In his judgment of the scholar, this average American citizen has usually only one definite idea, — that he is a dreamer, quite out of contact with actual life. Consider for a moment the genuine amazement and dismay with which the average citizen regards a serious attempt on the part of educated men to exert their due influence in the solution of a great political or economic problem. He seems to look upon them somewhat as he might watch a group of monkeys escaped from their cage, and engaged in some mischief, the effects of which they cannot be made to comprehend ; or, to substitute a simile somewhat more complimentary, that a throng of excited passengers had attempted to dictate the management of a great ocean steamer.

Of course no such view of scholarly activity in the political field will be submitted to. The men who devote their lives to the study of the records of human experience as transmitted in history and literature have not less, but infinitely more, claim to be heard on any important subject than those engaged only in the vulgar scramble for wealth. Emerson’s brief essay on Politics outweighs, and will outlast, all the floods of campaign literature and selfish demagogic eloquence which have so often since then deluged the land.

But is there one of the older civilized countries where the organs of the horde of money-getters would dare to stigmatize the whole class of liberally educated men as visionary theorists ? Imagine a university education regarded in England as a disqualification for high public office! Even in Germany, where political leaders and great scholars seem more nearly the representative men of two distinct castes, the illustrious double career of a Mommsen shows that the gap is not yet impassable. The condition of things among ourselves is an alarming symptom, indicating how far the most highly educated and wisest men have lost their proper leadership in the national councils and the national life.

Now, do the colleges, and the limited body of cultivated, reflective, and earnest scholars generally, appeal as directly and sensibly to the average American as they could and should ? Among the philosophic few it is an axiom which one rarely thinks of even stating, that wider knowledge, closer contact with the wise and good of all ages, the assimilation of their best thoughts, the contemplation of their glorious deeds, are the employments which ennoble young and old, and make men truly happy.

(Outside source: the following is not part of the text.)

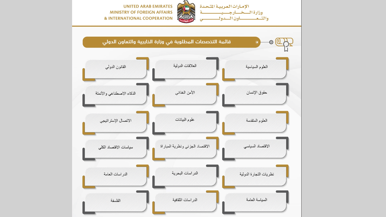 أعلنت وزارة الخارجية والتعاون الدولي عن فتح باب التسجيل، وبدء استقبال طلبات الراغبين بالانضمام للسلك الدبلوماسي للدولة.. وفي الصور نوضح الشروط، والتخصصات المطلوبة للراغبين بالتقدم بطلباتهم من أبناء الدولة.

But the typical American, as Professor Shaler has very clearly set forth in a recent essay, is only dimly conscious that he ever even had any ancestry at all. That the achievements of other races and peoples in the past or present have any lessons of overwhelming value to teach us, he certainly does not believe. That the poetry, the philosophy, the architecture, the plastic arts, can be used to make life more beautiful, more happy, better worth living, he understands at best very imperfectly. Perhaps he is open to conviction. Is a proper effort being exerted to make him realize all this ? American men read to a moderate extent. The women of America have large leisure, a liberal share of influence in home and social life, and surely also a lofty consciousness of their duty as mothers of the race that is to be. To them, it may be chiefly, we may hopefully appeal.

Again, there is a widespread feeling that American literature is not holding the height attained in the last generation. The subject is quite too large for a reviewer, possibly rather too serious for a professed optimist. But if our literature is losing, or in danger of losing, its vital power, its hold on the national life, may we not find a partial explanation in the fact that a great body of men, claiming, no doubt justly, that they have accumulated knowledge worthy to be widely disseminated, nevertheless disdain to learn and practice the art of adequate and graceful expression ?

  1. A History of Greece. By EVELYN ABBOTT, M. A., LL. D, Part I. From the Earliest Times to the Ionian Revolt. London: Rivingtons. 1888.